### Description of the task
Apart from the pictures, print the data below exactly as given.

### Provided material
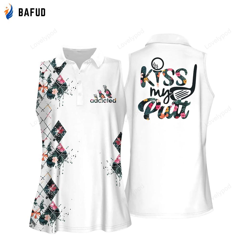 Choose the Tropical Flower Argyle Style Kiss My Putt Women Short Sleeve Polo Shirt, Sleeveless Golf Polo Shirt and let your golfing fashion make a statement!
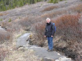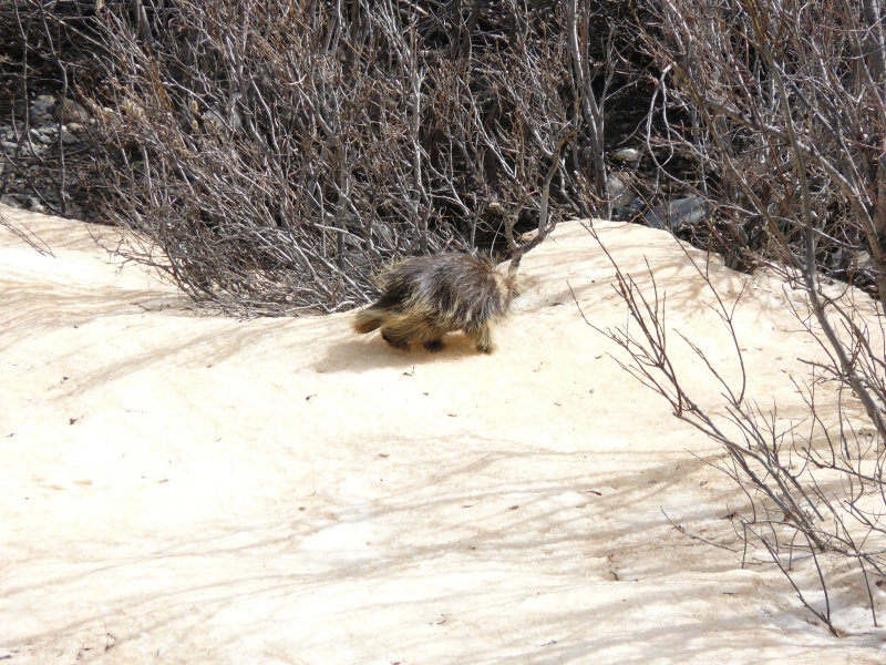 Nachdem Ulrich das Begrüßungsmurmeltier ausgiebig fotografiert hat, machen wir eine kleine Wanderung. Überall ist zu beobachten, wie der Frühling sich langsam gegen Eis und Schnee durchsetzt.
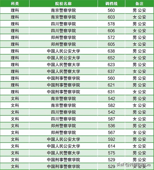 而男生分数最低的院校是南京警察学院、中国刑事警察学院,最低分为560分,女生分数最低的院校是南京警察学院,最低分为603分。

### Result of the task
 Choose the Tropical Flower Argyle Style Kiss My Putt Women Short Sleeve Polo Shirt, Sleeveless Golf Polo Shirt and let your golfing fashion make a statement!
 Nachdem Ulrich das Begrüßungsmurmeltier ausgiebig fotografiert hat, machen wir eine kleine Wanderung. Überall ist zu beobachten, wie der Frühling sich langsam gegen Eis und Schnee durchsetzt.
 而男生分数最低的院校是南京警察学院、中国刑事警察学院,最低分为560分,女生分数最低的院校是南京警察学院,最低分为603分。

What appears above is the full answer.